Das hatte er gründlich versaut.

In der Sekunde, als Ethan sich in seinen Wagen setzte, wusste er, dass er einen schrecklichen Fehler gemacht hatte.

Aber etwas an Sloane brachte ihn aus der Fassung. Heirate mich! Wo war das nur hergekommen? Kaum gesagt, wusste er, wie abrupt es für Sloane klingen musste. Er hatte nur daran gedacht, dass Sloane ein Kind von ihm erwartete. Und er konnte die fixe Idee nicht loswerden, dass es Schicksal war.

Gleich nachdem er von seiner Großmutter weggegangen war, hatte Ethan die AFAA angerufen, nur um zu erfahren, dass Sloane nicht mehr dort arbeitete. Danach schaltete er einen Privatdetektiv ein. In weniger als vierundzwanzig Stunden wusste Ethan, dass Sloane gefeuert worden war. Immerhin hatte er nun ihre Adresse. Und eine Kreditkartenrechnung. Nur von einer Sache hatte er überhaupt keinen Wind bekommen: von der Schwangerschaft …

In der Theorie war alles so logisch gewesen. Er kam dem Wunsch seiner Großmutter nach und fand zugleich heraus, ob wirklich etwas zwischen Sloane und ihm war.

Aber alle Absichten waren wie weggeblasen, als er vor Sloane stand. Als er die Überraschung in ihren meerblauen Augen sah. Und die Unsicherheit. Wie sie leicht errötete, während sie ihn hineinließ und die Arme vor der Brust verschränkte, um die offensichtliche Reaktion ihres Körpers zu verbergen. Und erst seine eigenen Gefühle!

Und in diesem Moment hatte er noch nicht einmal erkannt, dass sie schwanger war.

Heirate mich! Einfach so hatte er die Worte gesprochen. Ohne Einleitung, ohne Erklärung. Er hatte nicht einmal beteuert, dass sie nicht nur einer seiner Flirts gewesen war. Dass da eine Verbindung zwischen ihnen war. Nächtliche Gespräche wie ihre hatte er bis dahin für Erfindungen von Kitschromanen gehalten. So etwas konnte nicht wirklich passieren.

War es aber.

Sogar jetzt noch konnte er sich an jedes einzelne Wort erinnern. Er hatte ihr von Hartwell Genetics erzählt und dass er die Welt verändern wollte. Er wollte Millionen Menschen mit seinen Medikamenten helfen. Und wie sie auch mochte er die Herausforderung, die Kämpfe und den harten Wettbewerb in der Geschäftswelt.
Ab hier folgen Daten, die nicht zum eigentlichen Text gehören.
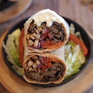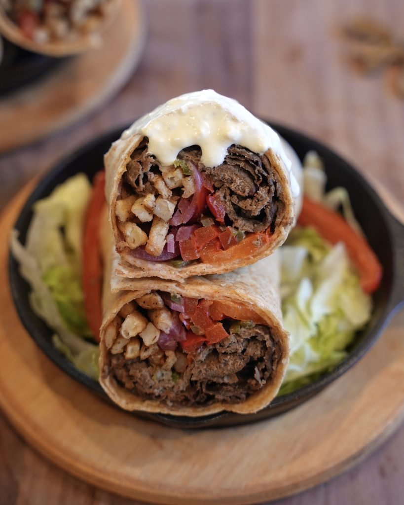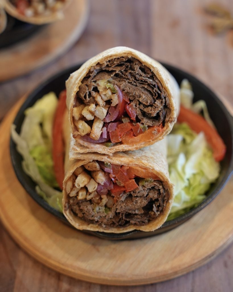 Thin sheets of seasoned beef that get layered into warm lavash with all the happy add-ins; pickled red onions, French fries, grilled peppers, and jalapeños. All together, it makes the most delicious doner kebab-style sandwich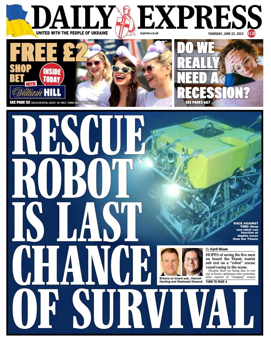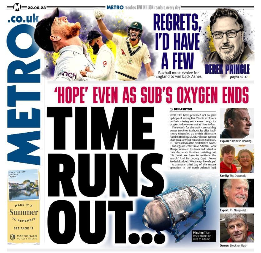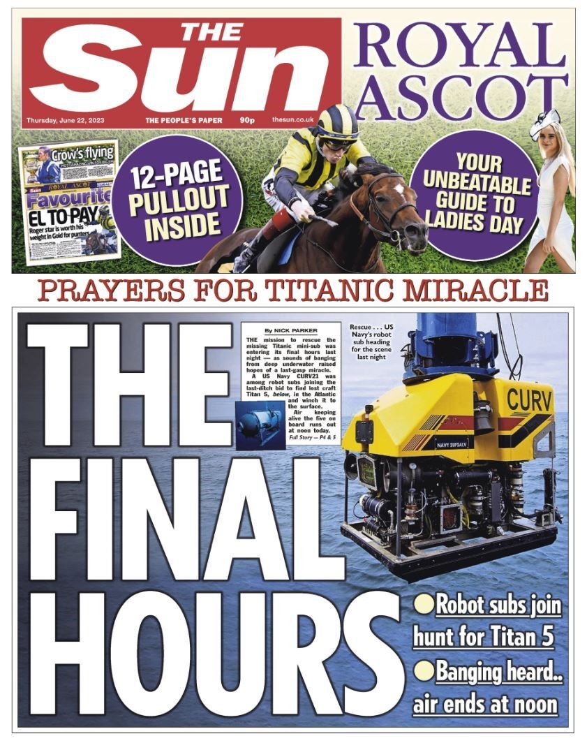 at 12:08pm UK time today. [Stricken Titan submarine will run out of oxygen at 12:08pm UK time: Coastguard makes stark prediction as officials insist hunt for five-man crew is '100% a search and RESCUE' mission but craft has NOT been found leaving situation increasingly desperate] https://www.dailymail.co.uk/news/art...rediction.html Last edited by arista; 22-06-2023 at 02:59 AM. |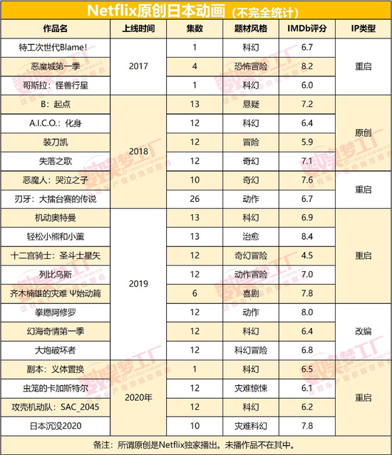 从数娱梦工厂的统计来看,2017年以来Netflix已经推出了超过20部原创日本动画,当中大部分是IP重启。

Sie hatte ihm von ihren Träumen erzählt. Wie nannte sie es? Das Projekt der Hoffnung – eine Internetseite, die sie entwickeln wollte. Es ging um die kunsttherapeutische Arbeit mit Pflegekindern. Ihre unerschütterliche Entschlossenheit und ihre Überzeugung, dass sie etwas Gutes bewirken konnte, hatten ihn sehr berührt.

Er konnte nicht behaupten, dass all das nichts war. Und er konnte nicht zugeben, dass seine Großmutter ihm befohlen hatte zu heiraten. Und er konnte ihr ganz sicher nicht den Grund für den Vaterschaftstest nennen. Er hatte noch nie jemandem von dem Fluch erzählt, der auf seiner Familie lastete, von seinen Geschwistern, die beide vor ihrem dritten Geburtstag gestorben waren.

Er hatte ihr einen Antrag gemacht und dann die Geldscheine einfach liegen gelassen. Als ob er sie kaufen könnte!

Er fluchte und fragte sich, wie jemand, der in der Geschäftswelt so erfolgreich war, sein Privatleben zugleich so verpfuschen konnte. Es musste einen Weg geben, Sloane alles zu erklären. Alles Gesagte zurückzunehmen und neu anzufangen.

Er schloss die Augen und versuchte, seinen Atem zu beruhigen. Ginge es um eine Geschäftsverhandlung, würde er einen Weg finden. Er rief seine Assistentin an.

Ein Plan entwickelte sich …

Sloane kehrte aus der Bibliothek zurück, wohin sie zum Nachdenken gegangen war.

Sosehr sie Ethan auch sagen wollte, was sie dachte und fühlte, sie musste alles in Ruhe bedenken. Schließlich entschied sie nicht mehr nur für sich selbst. Da war auch das Baby. Das neue Leben war ein guter Grund, nicht impulsiv zu reagieren.

Sie musste sichergehen, dass in Ethan wirklich mehr steckte als nur der Playboy, über den sie so vieles gelesen hatte. Sie musste wissen, dass er mit ihr mehr geteilt hatte als mit den vielen anderen Frauen. Sie musste außerdem über ihre eigene Verliebtheit – ja, das war es! – hinwegsehen.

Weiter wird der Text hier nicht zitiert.